Thursday, July 23, 2020

Forced Writing

Recently for no reason I was re-binging Archer on Hulu, though season 7 I watched on Amazon because I bought it after it came out 4 years ago and that way I didn't have commercials.  Anyway, the last episode of that season, the titular Sterling Archer goes to the house of film star Veronica Deane to trick her into confessing to the murder of her ex-husband and director of her current movie.  As part of this he brings a cyborg double of himself to record her confession. 

She confesses and then grabs a gun he leaves on the table to shoot him four or five times.  Then the other Archer pops out to confront her and she shoots him once in the gut before running out of bullets.  We're of course meant to think the first Archer was the cyborg but then it turns out the one in the pool is the real him and he's been in a coma for the last 3 seasons.

Anyway, watching it a few times it never makes any sense why A) he brings a gun with real bullets that B) he sets on the table for her to use and C) doesn't wear a bulletproof vest if he's doing A & B.  The whole scenario is horribly contrived and forced.

Another example I can quickly think of is in the seventh Star Trek movie, Generations.  The evil Lursa and B'Tor hack into Geordi's visor so they can get the Enterprise-D's shield frequency and attack the ship.  During the attack the main reactor overloads or something and so they have to separate the ship with the bottom part blowing up and the saucer section crashing on a planet.

That has always felt so contrived and forced because you know in the show they could have ejected the core or some damned thing to save the ship before it blew up.  But it was a movie and they wanted a new ship, so they wanted to blow up the old one.  Just like in Archer, they wanted to do these stupid coma fantasy seasons so they had to find a way to put him into a coma, whether it really made sense or not.

This sort of thing happens a lot in comic books too.  If you have Batman v Superman, who wins the fight will probably be determined by whose book it appears in and/or who's doing the writing.  If Superman appears in a Batman book, Batman will probably take him down.  If Batman appears in a Superman book, Superman will probably win.  And the same is true for any titles, DC, Marvel, or whoever.  These fights are frequently contrived to achieve whatever outcome is needed for the story.

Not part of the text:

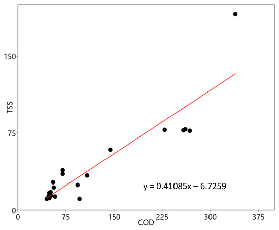 In the initial week, TSS levels were notably elevated, and it took over a month to achieve a satisfactory value which fell below 50 mg/dm3, complying with the established regulatory standard (Figure 9). Substantial TSS reduction was attained beginning in the second week of filter operation, with the required reduction, in line with regulatory standards, documented after 31 days (Figure 10). Based on the GLM and multivariate regression, the relationship between TSS and CODCr has been established (Figure 11). Substantial TSS reduction was attained beginning in the second week of filter operation, with the required reduction, in line with regulatory standards, documented after 31 days.

In the 80s Marvel had the Transformers meet Spider-Man in one issue and there was a whole spin-off series of Transformers vs GI JOE.  IDW has had the Transformers crossover with just about everything:  Star Trek, My Little Pony, Ghostbusters, and of course all those other Hasbro properties like GI JOE, Rom: Space Knight, Action Man, Visionaries, and MASK.  Which the dumb thing about these for me has always been that Transformers are huge, usually heavily-armed robots.  The idea that any humans could defeat them definitely seems contrived.  (That was also something I didn't like in the Bay movies.)

The problem with all of these things isn't so much that they happen so much as how they happen.  When they're so obviously contrived, it really gets irritating.  If characters have to act contrary to common sense or how they usually would or you have to write in some kind of deus ex machina to achieve the desired result, then it's a sign of poor writing.

It's probably just as well I haven't really done crossovers in my books, though the Girl Power series was conceived originally as a Scarlet Knight/Chance of a Lifetime crossover--until I realized no one had probably ever read all 11 books of both series and thus wouldn't care about a crossover.  So I just took the core concepts of both series to mash together.  On the blog back in May 2013 I wrote a brief description of the crossover story but people didn't really care.  So I haven't contrived things that way, but I've probably contrived things in other ways.  I'm sure we've all done it at some point in writing.

2 comments:

Arion said...

I haven't seen Archer but I've seen Star Trek Generations a couple of times, and yeah, you make a valid point.

Cindy said...

Some of those crossovers are just crazy. The whole Batman v Superman thing is just because fans want to see them fight each other because it sounds like the ultimate battle. They like to debate about who would win. So I feel these crossovers are fan fueled and most of them aren't writers who recognize bad writing.